Figure 1 depicts the architecture of the micro-ROS stack. As far as possible, micro-ROS reuses existing layers of the standard ROS 2 stack to ensure compatibility and to ease maintenance. However, there are three important differences:

Figure 1: Architecture of micro-ROS stack.
Figure 1: Architecture of micro-ROS stack. Dark blue layers and components have been developed for micro-ROS in the EU-funded OFERA project. The layers rmw and rcl in light blue are reused from ROS 2.

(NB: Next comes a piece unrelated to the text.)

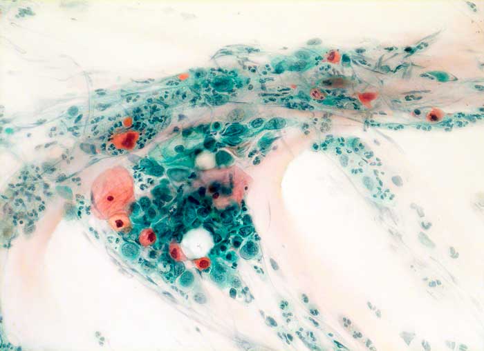 Portioabstrich: einzeln oder in lockeren Verbänden atypische Zellen mit unterschiedlich grossen dunklen Kernen. Deutliche Erhöhung der Kern-Plasma Relation. Als Grössenvergleich dienen eine Superfizialzelle und eine Intermediärzelle. Das Zytoplasma teils zyanophil, teils eosinophil als Zeichen der Verhornung.
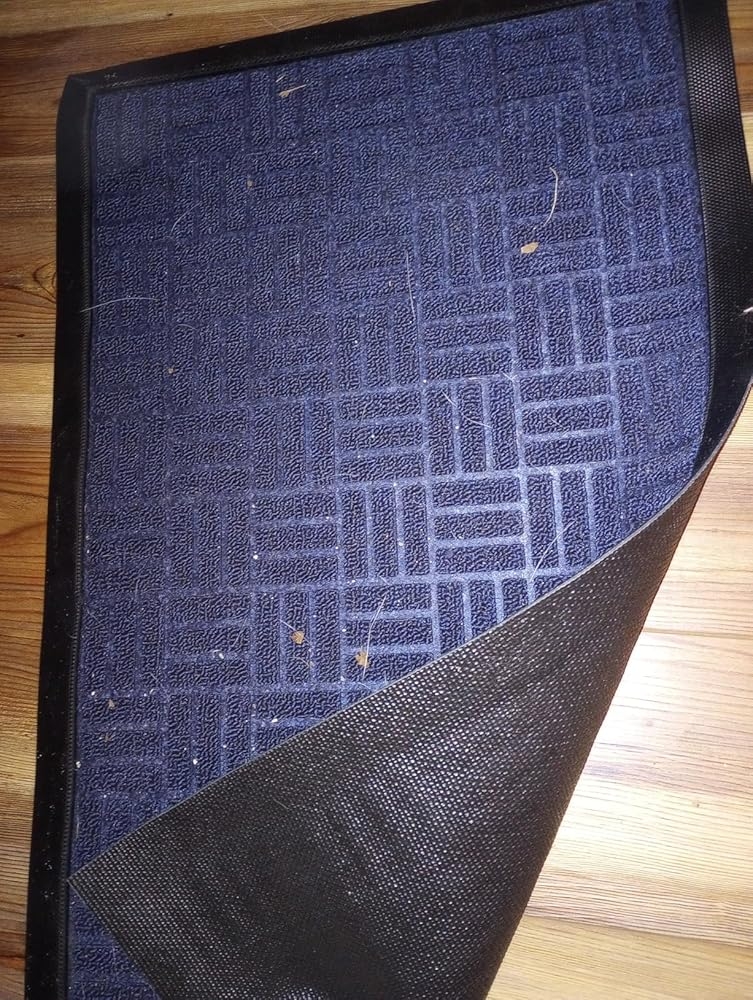 I am using the door mat inside my garage to wipe my shoes before entering my home. I don’t think I would recommend the rug for much more than that. The doormat itself is like a carpet material similar to a cheap rough carpet. This is great for wiping your shoes from light debris, but would soak water if placed outside in the elements. The back is rubber to avoid excessive moisture, but the carpet-like top would absorb water easily. The color and pattern of the entrance mat are accurate to the listing’s description. I am content with the mat, but at this moment, I doubt I would order it a second time. I have been testing the rug for about a week as of writing this review and it’s holding up.

1. Due to its dynamic memory requirements, the ROS 2 C++ API (rclcpp) cannot be used on many microcontrollers. Instead, micro-ROS enriches the existing ROS 2 Client Support Library (rcl) by a small library rclc, which together offer a complete C API optimized for microcontrollers. The rclc provides mechanisms for execution management and runtime lifecycle management as well as convenience functions for rcl.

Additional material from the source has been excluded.